━━━ PROVIDED DATA

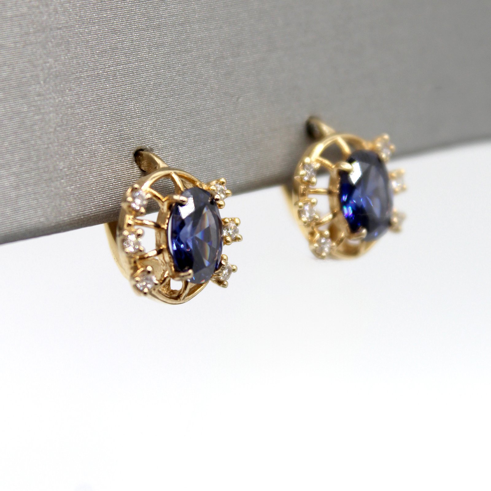 Elegant 10KT gold earrings featuring a large oval blue color stone center surrounded by a striking halo of small white stones.
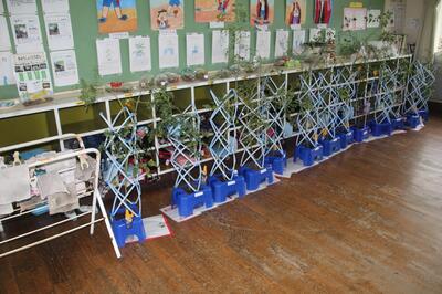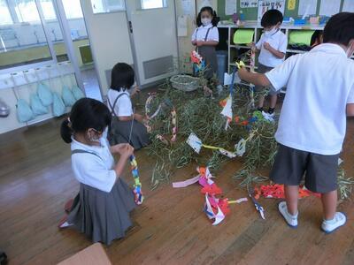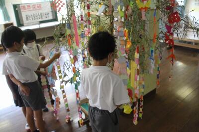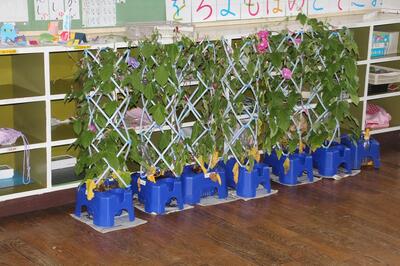 1・2年生教室の前を通ったら、「アサガオが咲いている!」「ミニトマトが赤くなっている!」というかわいい声が聞こえてきました。
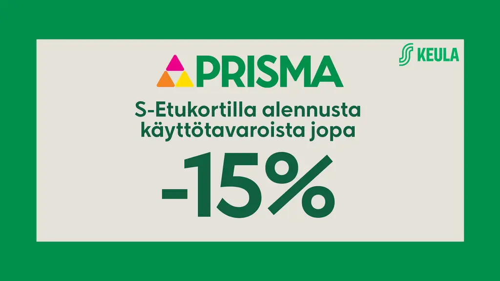 Prismasta S-Etukortilla alennusta käyttötavaroista jopa -15 %

━━━━━━

• [EXERCISE PROMPT]: None of the pictures belong in the copy. Write out exactly the lines from the line that holds "1・2年生教室の前を通ったら" through the last line of the listing above, both ends included.

• [FINISHED TASK]:
 1・2年生教室の前を通ったら、「アサガオが咲いている!」「ミニトマトが赤くなっている!」というかわいい声が聞こえてきました。
 Prismasta S-Etukortilla alennusta käyttötavaroista jopa -15 %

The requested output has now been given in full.